Exercise description: Reproduce from the records below, with no pictures, exactly the lines between the one containing "Zitronensaft, Vollrohrzucker (je" and the one containing "被气急的梧桐妹在自己的大号上", inclusive.

Entries supplied:
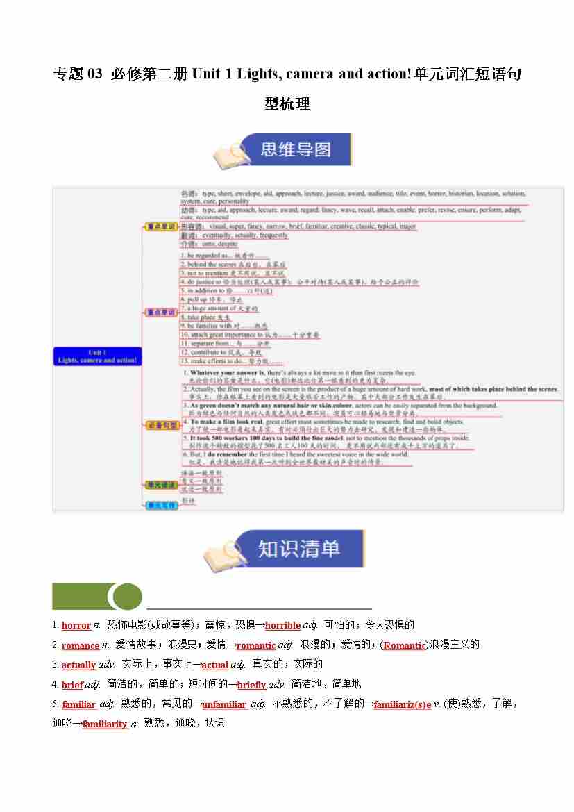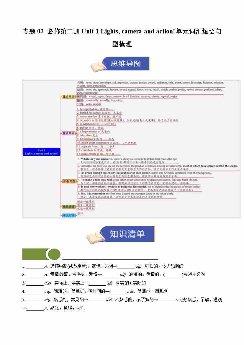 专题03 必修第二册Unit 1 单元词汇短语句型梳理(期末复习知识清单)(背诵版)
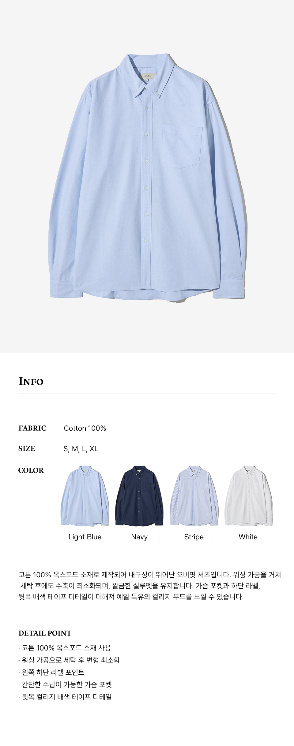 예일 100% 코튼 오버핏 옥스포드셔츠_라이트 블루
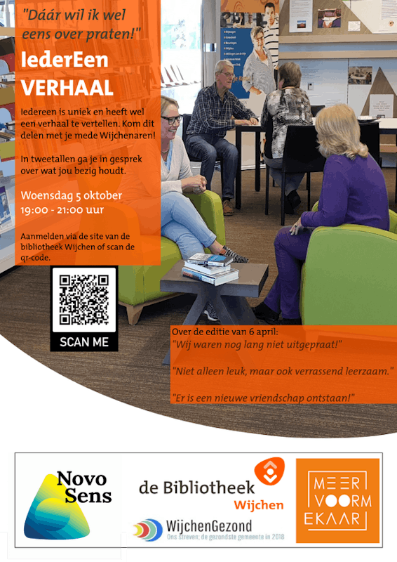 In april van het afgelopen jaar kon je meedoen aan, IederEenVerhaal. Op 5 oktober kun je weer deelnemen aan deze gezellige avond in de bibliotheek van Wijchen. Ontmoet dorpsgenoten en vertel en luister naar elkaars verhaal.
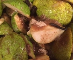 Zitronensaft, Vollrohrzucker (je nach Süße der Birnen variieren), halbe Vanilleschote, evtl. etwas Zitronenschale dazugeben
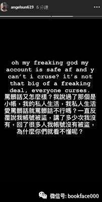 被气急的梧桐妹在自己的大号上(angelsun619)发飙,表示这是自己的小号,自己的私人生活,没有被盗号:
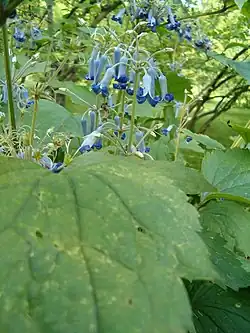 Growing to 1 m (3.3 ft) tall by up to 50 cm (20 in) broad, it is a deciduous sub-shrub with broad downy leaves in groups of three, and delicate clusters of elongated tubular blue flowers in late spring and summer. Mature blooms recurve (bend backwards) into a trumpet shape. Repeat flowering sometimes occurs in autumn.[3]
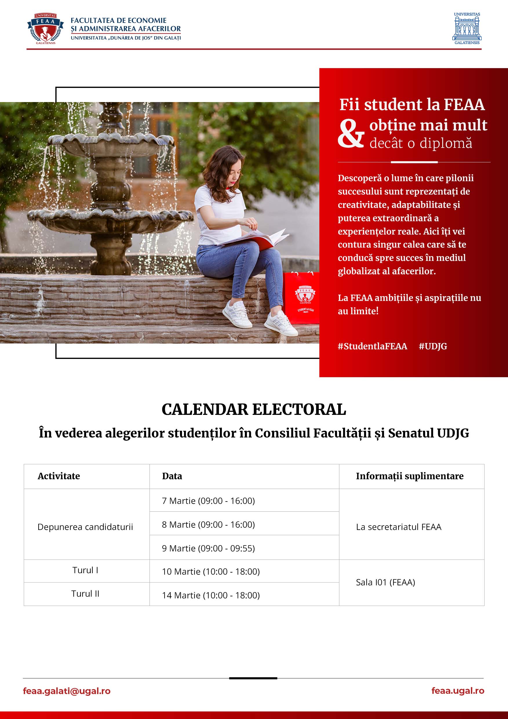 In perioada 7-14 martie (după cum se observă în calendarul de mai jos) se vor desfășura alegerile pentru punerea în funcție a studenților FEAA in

...

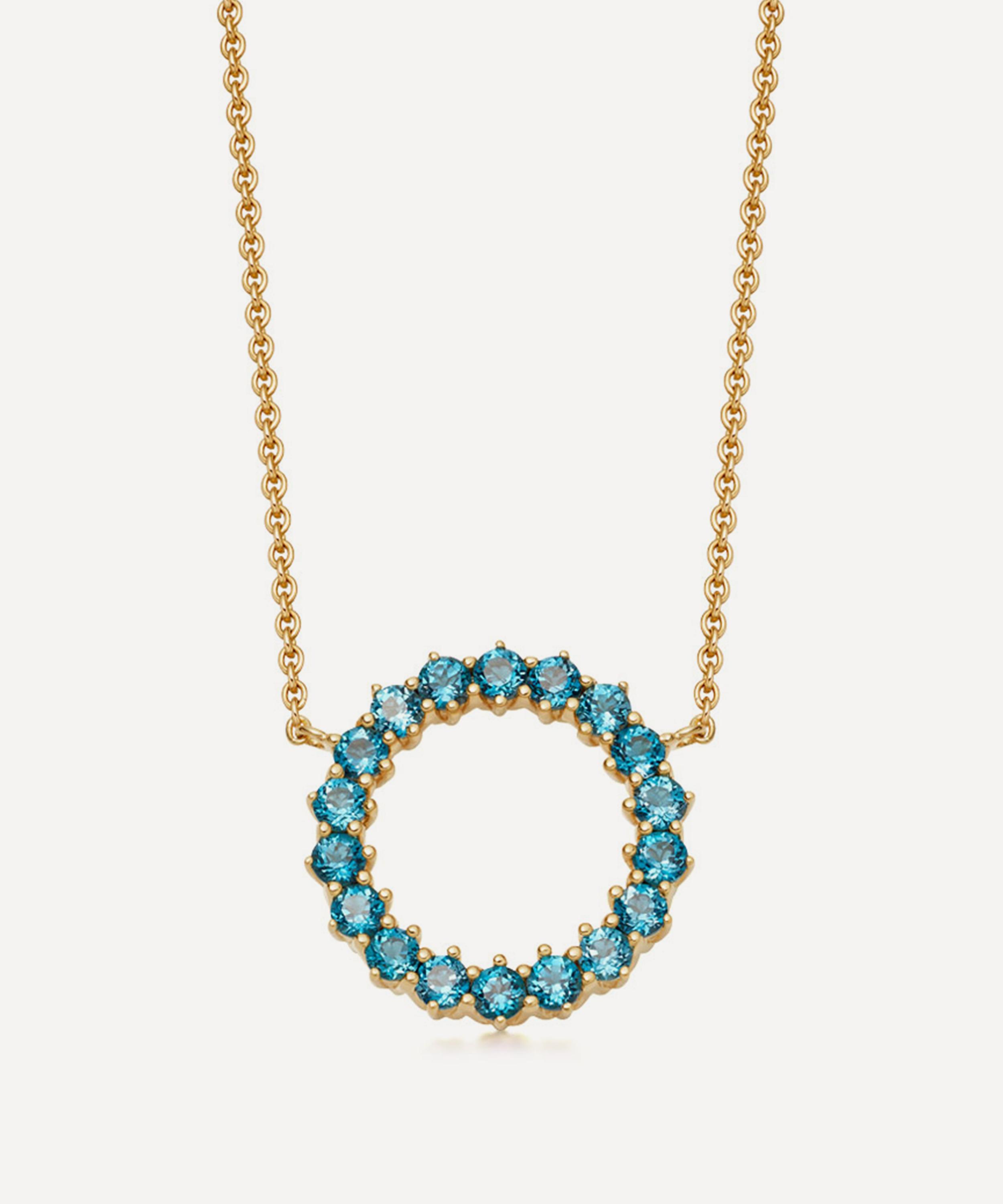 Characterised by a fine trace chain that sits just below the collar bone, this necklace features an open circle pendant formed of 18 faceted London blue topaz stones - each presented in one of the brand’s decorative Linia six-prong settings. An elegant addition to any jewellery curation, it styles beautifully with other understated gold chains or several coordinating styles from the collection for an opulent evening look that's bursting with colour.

==

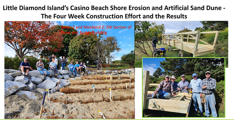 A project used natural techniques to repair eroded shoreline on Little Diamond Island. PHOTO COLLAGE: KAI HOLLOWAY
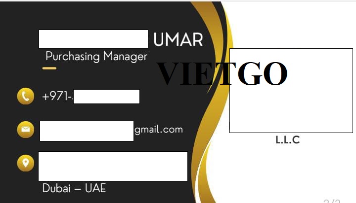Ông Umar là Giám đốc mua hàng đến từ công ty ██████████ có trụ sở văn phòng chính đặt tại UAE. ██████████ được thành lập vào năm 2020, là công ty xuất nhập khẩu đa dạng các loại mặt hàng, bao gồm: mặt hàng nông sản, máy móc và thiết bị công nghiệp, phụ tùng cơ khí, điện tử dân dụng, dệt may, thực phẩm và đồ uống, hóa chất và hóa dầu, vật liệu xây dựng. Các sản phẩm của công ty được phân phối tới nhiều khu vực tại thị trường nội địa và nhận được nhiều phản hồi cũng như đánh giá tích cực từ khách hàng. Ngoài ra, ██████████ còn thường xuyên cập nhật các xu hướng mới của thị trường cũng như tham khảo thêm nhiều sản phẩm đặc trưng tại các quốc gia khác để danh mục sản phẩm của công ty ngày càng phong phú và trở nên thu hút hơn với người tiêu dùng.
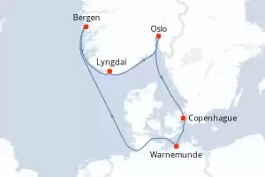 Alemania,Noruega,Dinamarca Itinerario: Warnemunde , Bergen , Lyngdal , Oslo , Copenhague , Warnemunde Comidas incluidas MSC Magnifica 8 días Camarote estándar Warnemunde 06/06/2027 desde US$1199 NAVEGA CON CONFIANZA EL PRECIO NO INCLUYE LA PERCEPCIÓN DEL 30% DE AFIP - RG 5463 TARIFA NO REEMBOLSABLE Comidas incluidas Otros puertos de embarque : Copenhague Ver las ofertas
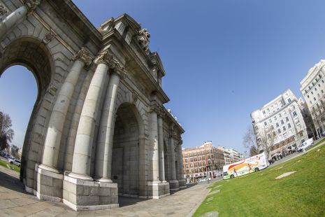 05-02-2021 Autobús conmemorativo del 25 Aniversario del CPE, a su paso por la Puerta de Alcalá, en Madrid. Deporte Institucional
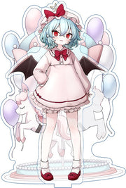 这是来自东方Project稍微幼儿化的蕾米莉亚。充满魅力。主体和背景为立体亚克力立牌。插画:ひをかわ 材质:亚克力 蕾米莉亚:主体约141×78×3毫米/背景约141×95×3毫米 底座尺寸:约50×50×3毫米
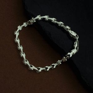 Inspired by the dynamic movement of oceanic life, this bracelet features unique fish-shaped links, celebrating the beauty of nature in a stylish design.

Your response:
 Zitronensaft, Vollrohrzucker (je nach Süße der Birnen variieren), halbe Vanilleschote, evtl. etwas Zitronenschale dazugeben
 被气急的梧桐妹在自己的大号上(angelsun619)发飙,表示这是自己的小号,自己的私人生活,没有被盗号:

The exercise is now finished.